Biden’s 50-minute speech wasn’t overtly partisan; he even stressed that he personally likes many of his political opponents. But he sees their ideas as unworkable.
“Our Republican friends say we could get a whole lot more jobs created if we paid people the minimum wage, if we paid them just $10 an hour,” he said. “But guys, that’s not what the middle class is about. That’s not what builds the middle class. You’ve got to make and have enough money to own a home, to send your kid to college, to live in a safe neighborhood.”
Home ownership is especially fundamental, he said, noting that no one grows up in America dreaming of “renting a nice place.” He provided some of the nuts-and-bolts of a program Obama hinted at in the State of the Union speech, a way to encourage banks to refinance mortgages and “repay the deficit of trust” they created when taxpayers bailed them out.
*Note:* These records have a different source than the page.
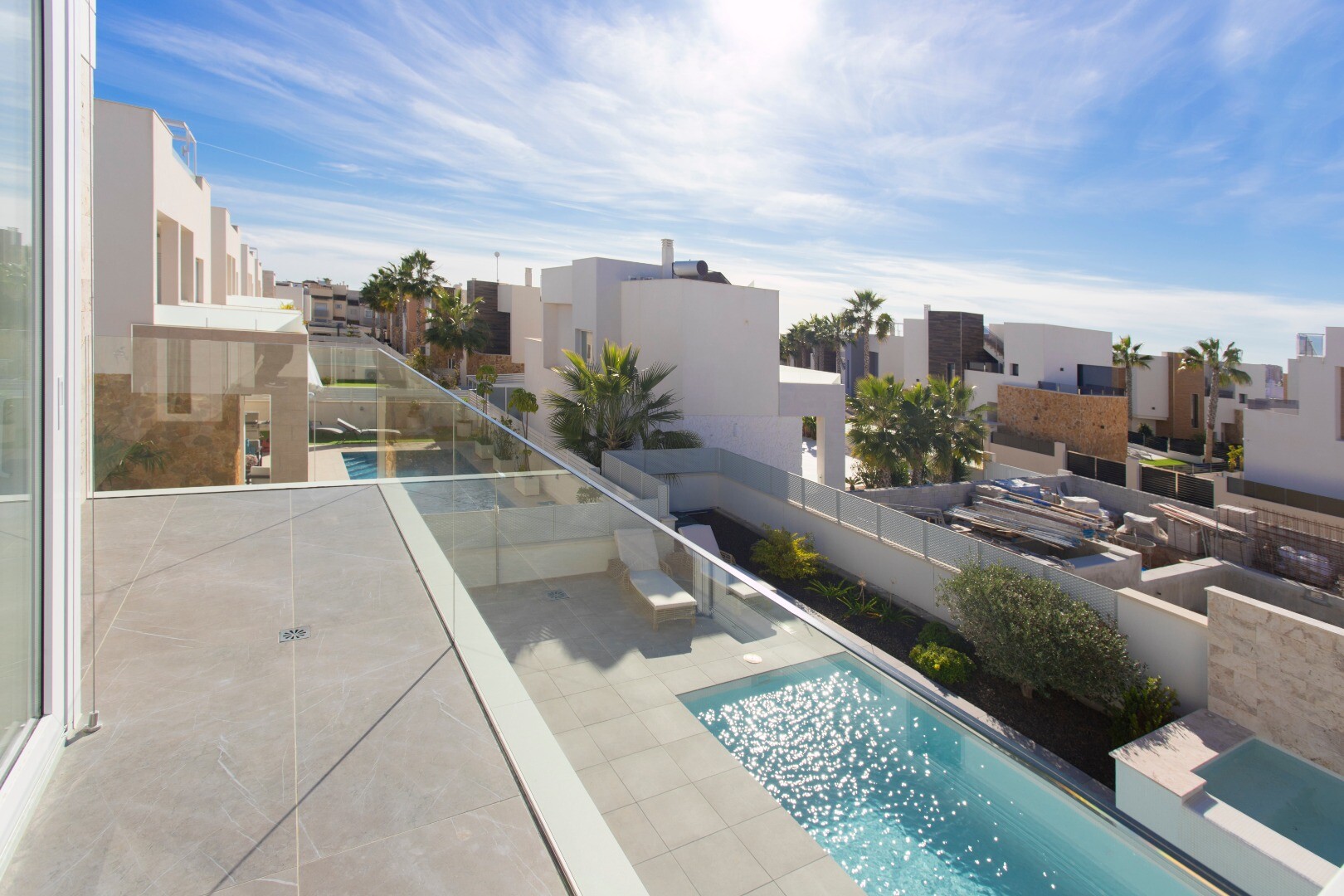 2 wille zlokalizowane w okolicy Aguas Nuevas (Torrevieja) 150 metrów kwadratowych rozmieszczonych w 3 sypialniach, 2 łazienkach i dużym salonie / kuchni. Działki mają 300 metrów kwadratowych. Otwarty widok na basen z wbudowanym jacuzzi i wodospadem z salonu. Duże solarium z grillem na tarasie na dachu.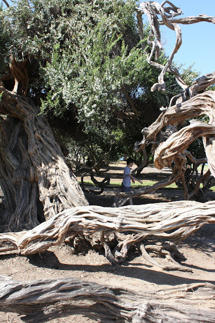 We started our vacation with a driving tour of the city. We started in Scripps Ranch which was our old neighborhood. Then we traveled through University City (where we once had an apartment) and then went to La Jolla where I worked for years. We spent hours in La Jolla enjoying the seals at Children's Beach and played in the park on nature's playground... lots of awesome old trees.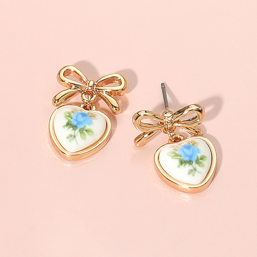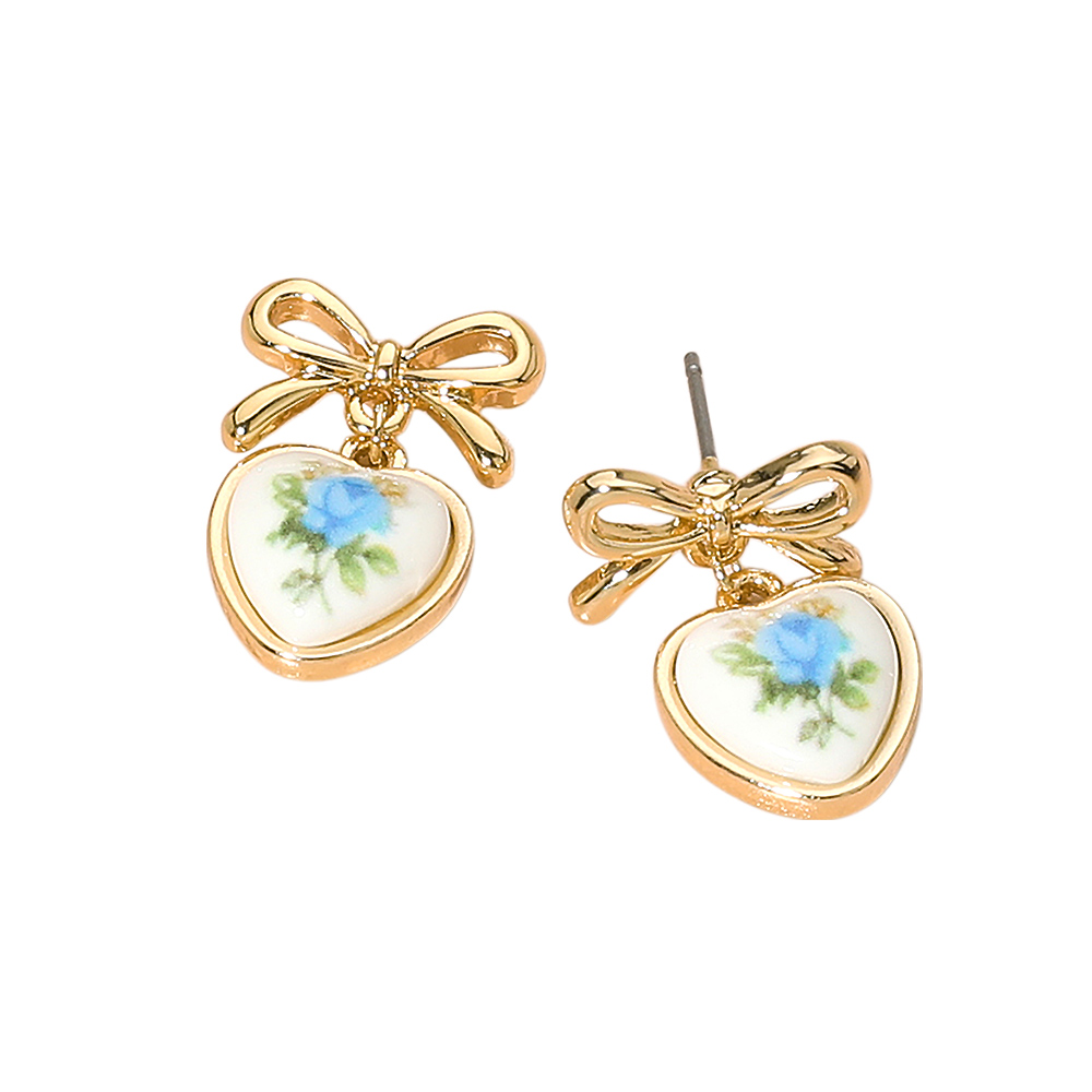 Floral Heart Ceramic Bezel Dangle Bow Earrings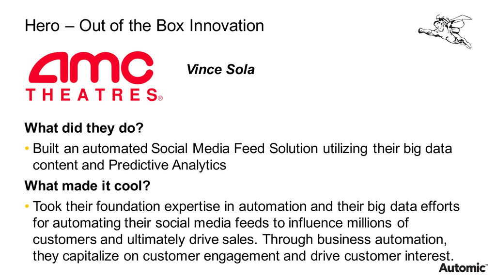 Feed Solution utilizing their big data content and Predictive Analytics What made it cool? • Took their foundation expertise in automation and their big data efforts for automating their social media feeds to influence millions of customers and ultimately drive sales. Through business automation, they capitalize on customer engagement and drive customer interest. Hero – Out of the Box Innovation Vince Sola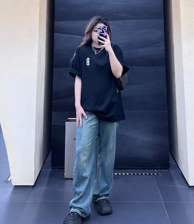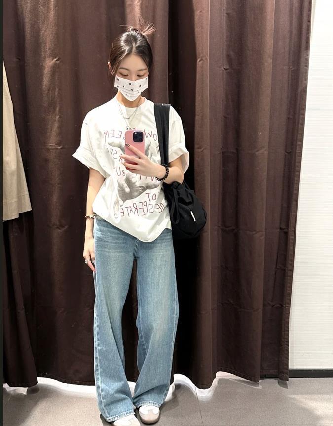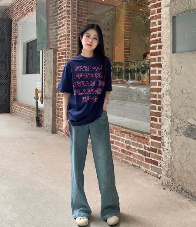 這種寬鬆舒適的t恤,真的是很喜歡啊,穿在身上洋溢着青春氣息,下身配的是一條牛仔闊腿褲,超喜歡這種簡單又愜意的鬆弛感着裝。進入夏季,就是要穿得簡單一些,簡潔的t恤配牛仔褲,清新又幹淨,休閒自在的感覺能讓人在炎炎夏日裏感受到舒適。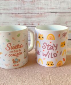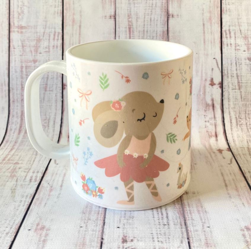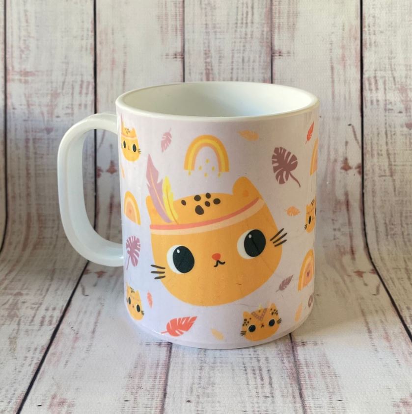 Tazas de melamina con diseños infantiles y asa. Ideales para el cole y el hogar.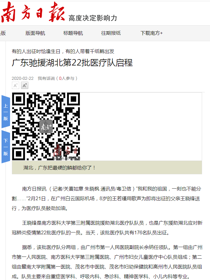 《南方日报》:广东驰援湖北第22批医疗队启程 2020年2月22日A07版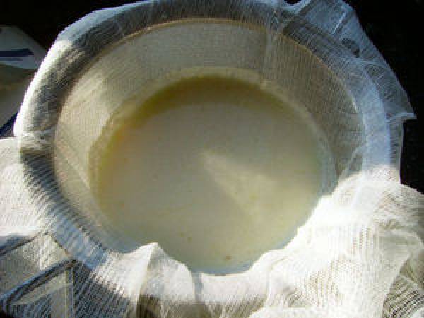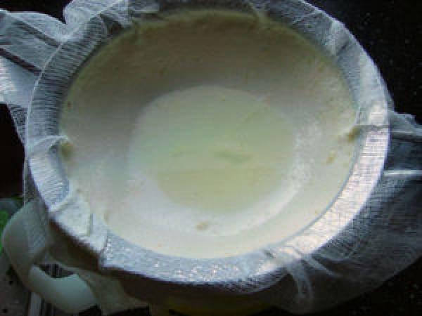 On met une passoire très fine recouverte d'une gaze sur un récipient et on verse doucement le lait dessus.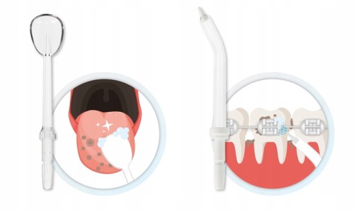 ✔️ 6 końcówek w zestawie: 2 x standardowa, skrobaczka do języka, dysza ortodontyczna, dysza zraszacz kieszeni przyzębia, końcówka do nosa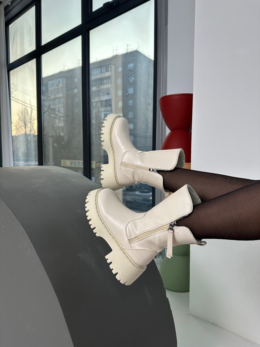Белые теплые ботинки в налим!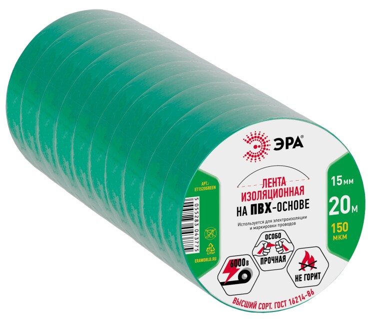 ЭРА Изолента ET1520GREEN ПВХ 15мм х 20м зеленая

The program will help Americans – likely including many CWA members, Biden said -- who’ve been paying their mortgages on time every month but have been unable to refinance at a lower interest rate because they’re underwater, owing more than their home is now worth.
Up to now, banks have been turning down homeowners in exactly that predicament. “The president had a great idea – a trust,” Biden explained. “With a very, very small fee, literally pennies on a hundred dollars for banks with assets over $50 billion, we can create a fund, about $9 billion. The details are still being worked out, but it won’t cost the taxpayers a penny.”
Soon, he said. “You’ll be able to go down to your local banker and they can’t say anymore that they can’t take a chance, because the fund will back it up.” On average, refinancing would put $3,000 a year into the pockets of 14 million homeowners.
It’s one path toward restoring basic fairness in the United States, Biden said, the sense that if you work hard and play by the rules, you’ll be OK.
It brings back for him another memory of his dad, earlier in his childhood when the family was living with his grandparents in Scranton. At his son’s bedside one night, his dad said, “Joe, I’m going to move away for a year. I’m going to Wilmington. Uncle Frank’s down there. There are jobs down there, honey. It’s only 157 miles away and I’ll come home almost every weekend. And when I get a little bit of money, when I get a job, I’m going to bring you, your mom, Val and Jimmy down. “
Biden said, “I was disappointed as hell, but my dad looked at me and said, ‘It’s going to be OK.’ He wasn’t full of woe. It wasn’t tragic. He believed it was going to be OK. I don’t know if very many people in my old neighborhood could make that same walk upstairs today and have the same confidence that my dad had.”
His goal as vice president is to see that confidence restored. “When I joined the ticket I said, “I’ll judge whether we’ve succeeded or not by whether people are able to turn to their kids and say what my dad said to me.”
And then he brought his message full circle. “To do that, we need you,” he said. “We need unions. Unions built the middle class and unions provide that kind of jobs that even when workers aren’t organized, they benefit.”